「スマートフォンの未来が見える」――KDDI、MS、富士通東芝がIS12Tに込めた思い
7月27日に世界に先駆けて登場したWindows Phone 7.5と、それを搭載した新端末「Windows Phone IS12T」の発表会で、KDDI 代表取締役社長の田中孝司氏、日本マイクロソフト 代表執行役 社長の樋口泰行氏、富士通東芝 代表取締役社長の大谷信雄氏がそれぞれの思いを語った。

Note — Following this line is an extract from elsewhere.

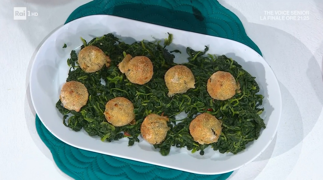 Con le mani bagnate, formiamo delle polpette grandi come mandarini. Le passiamo nella farina, nelle uova sbattute e infine nel pangrattato. Le disponiamo su una teglia con carta forno e cuociamo in forno caldo a 180° per 20 minuti.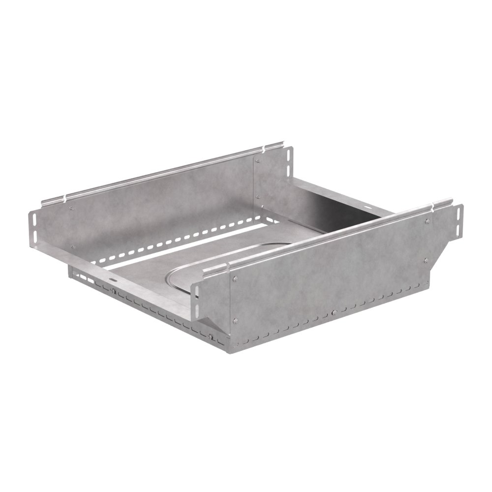 Аксессуары изготовленные из стали с защитным покрытием по методу Сендзимира – это изделия, на которых защитное цинковое покрытие было нанесено на листовую сталь перед изготовлением. Толщина защитного покрытия варьируется от 10 до 22мкм. Климатическое исполнение изделий УХЛ2, что предусматривают эксплуатацию в помещении и под навесом, при температуре эксплуатации от -80 до +150°С. Ответвитель Т-образный вертикальный применяется для обеспечения полноразмерного ответвления горизонтальной кабеленесущей системы из лотков металлических в вертикальном направлении.

KDDIが7月27日、世界で初めてのWindows Phone 7.5搭載スマートフォン「Windows Phone IS12T」を発表した。発売は9月以降を予定している。端末の製造を担当するのは、東芝の携帯電話事業部門を母体とする、富士通東芝モバイルコミュニケーションズ(以下富士通東芝)。KDDI、日本マイクロソフト、富士通東芝の3社による共同新商品発表会では、KDDI 代表取締役社長の田中孝司氏、日本マイクロソフト 代表執行役 社長の樋口泰行氏、富士通東芝の代表取締役社長 大谷信雄氏が登壇し、それぞれが新たなプラットフォームWindows Phone 7.5にかける思いを語った。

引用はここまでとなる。